Task instructions -
Repeat exactly the line with "2022年4月24日上午,武" and each line after it to the end of the data below; pictures stay out.

Data excerpt -
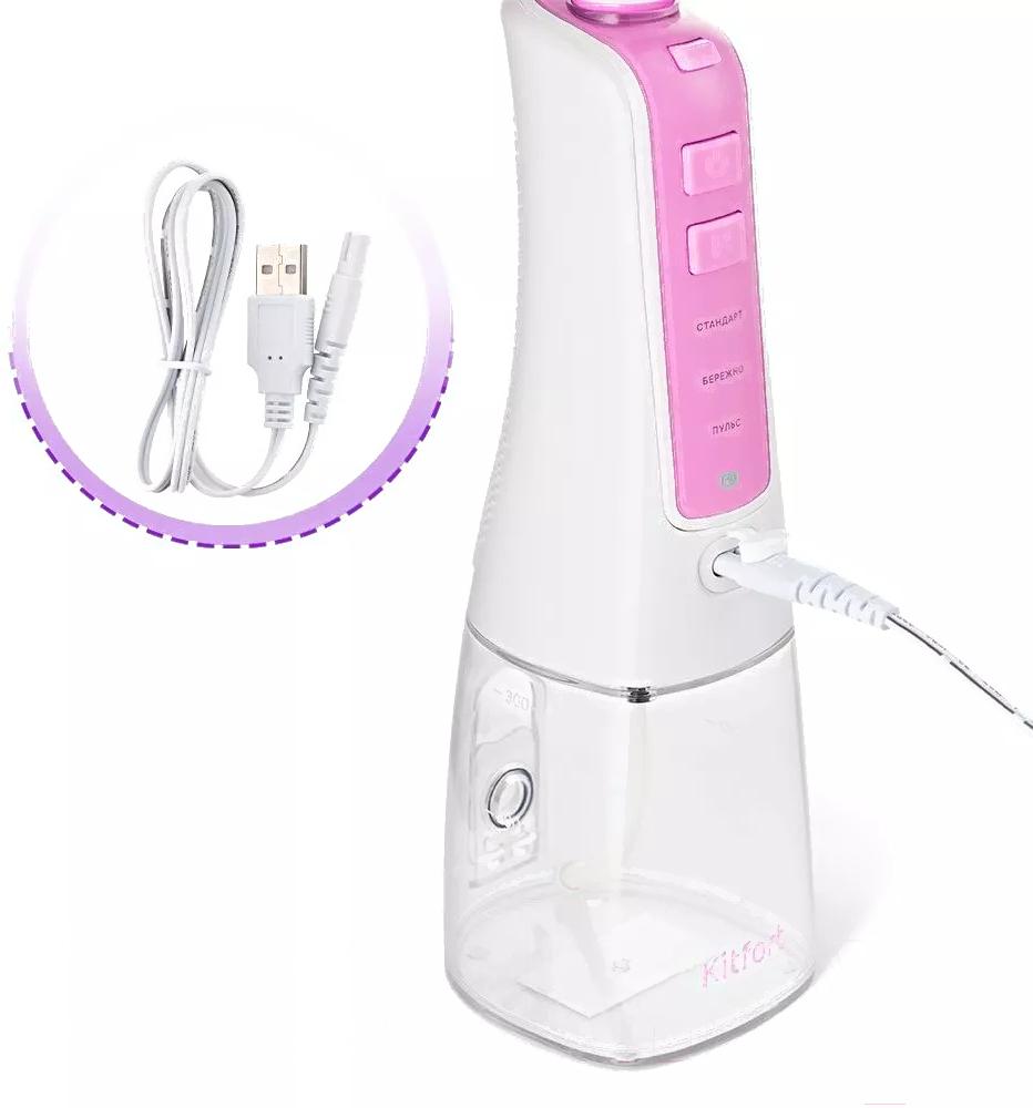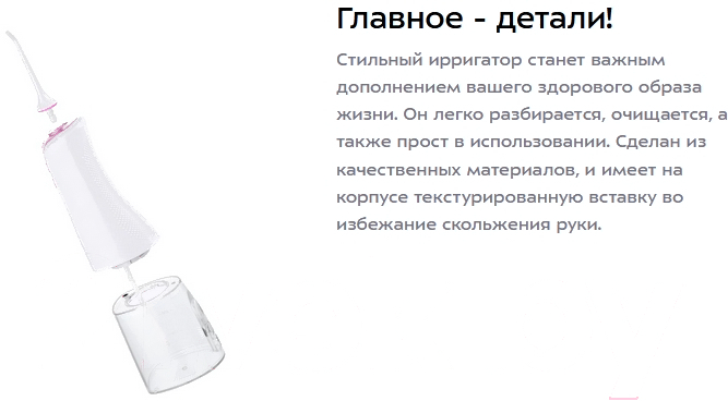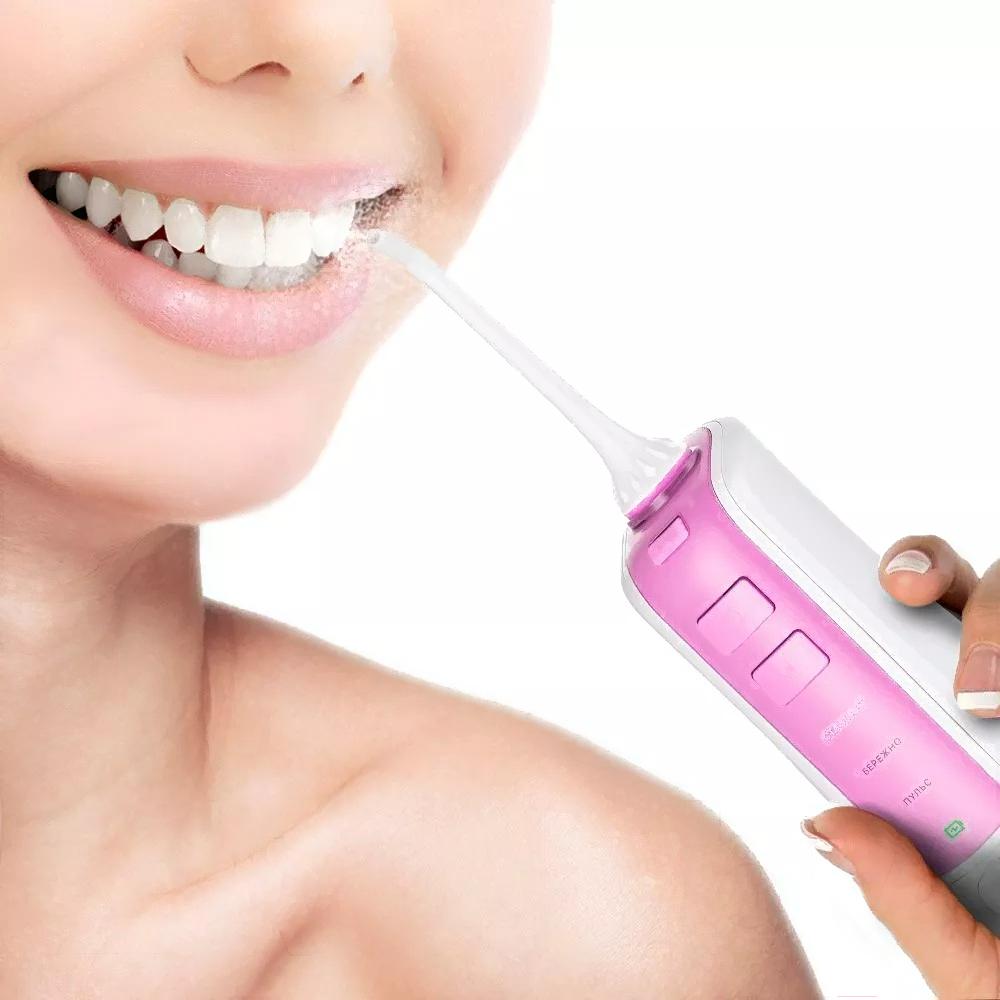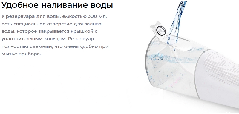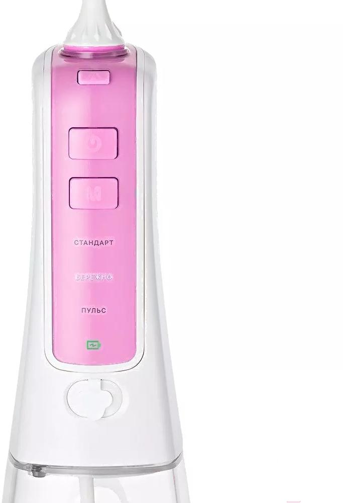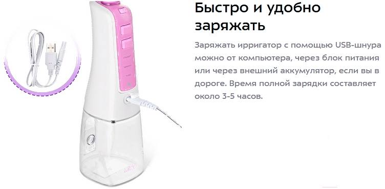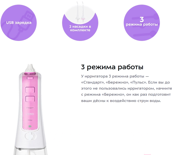 В комплектерезервуар для жидкости (300 мл), индивидуальные насадки, зарядное устройство (USB-шнур, длина — 0.7 м), ирригатор, чехол, инструкция
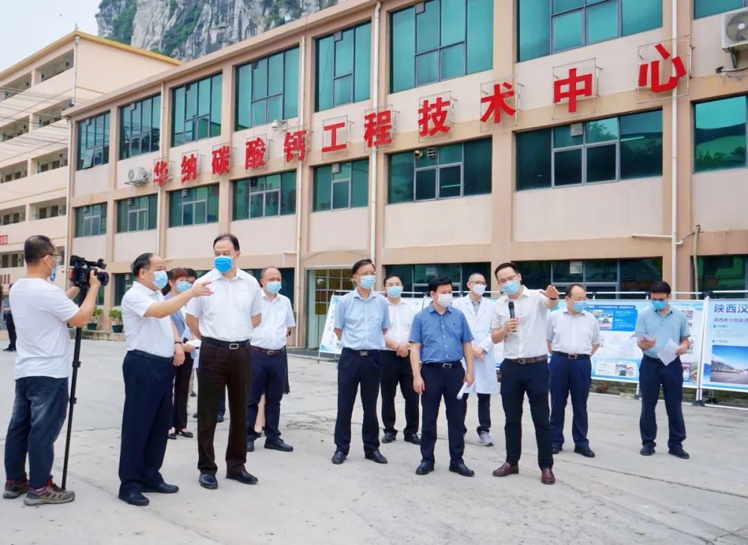 2022年4月24日上午,武鳴區人民政府區長尹玉林、城區政府辦公室副主任孫羽一行蒞臨廣西華納新材料股份有限公司考察指導工作。在考察過程中,尹玉林區長首先實地參觀了解年產30萬噸納米碳酸鈣項目場地平整及施工情況,隨后開展了座談交流,詳細了解項目現階段建設情況、廠區布局以及未來的發展規劃。
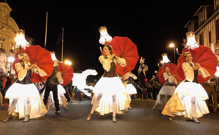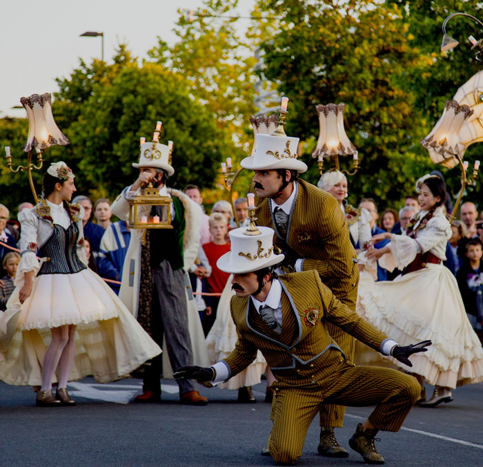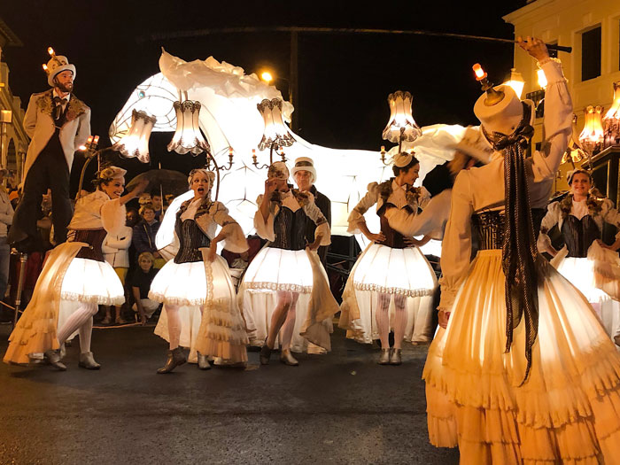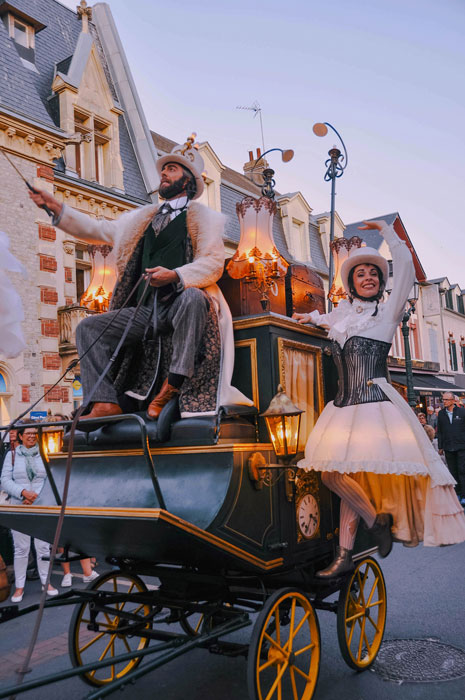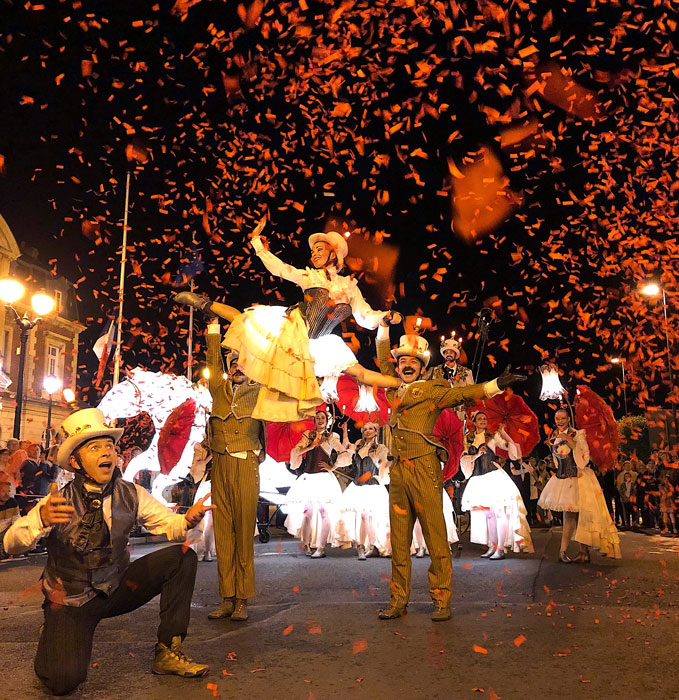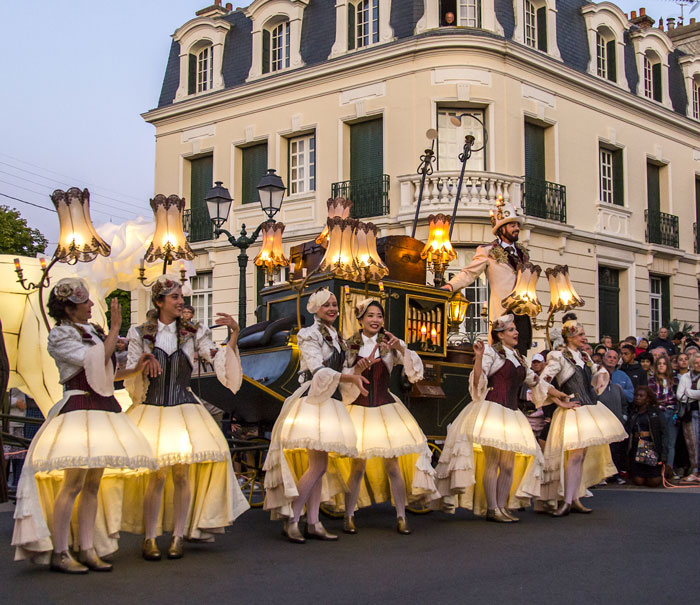 A breathtaking and whimsical street parade inspired by the Belle Époque, showcasing a continuously moving ball

Answer space -
 2022年4月24日上午,武鳴區人民政府區長尹玉林、城區政府辦公室副主任孫羽一行蒞臨廣西華納新材料股份有限公司考察指導工作。在考察過程中,尹玉林區長首先實地參觀了解年產30萬噸納米碳酸鈣項目場地平整及施工情況,隨后開展了座談交流,詳細了解項目現階段建設情況、廠區布局以及未來的發展規劃。
 A breathtaking and whimsical street parade inspired by the Belle Époque, showcasing a continuously moving ball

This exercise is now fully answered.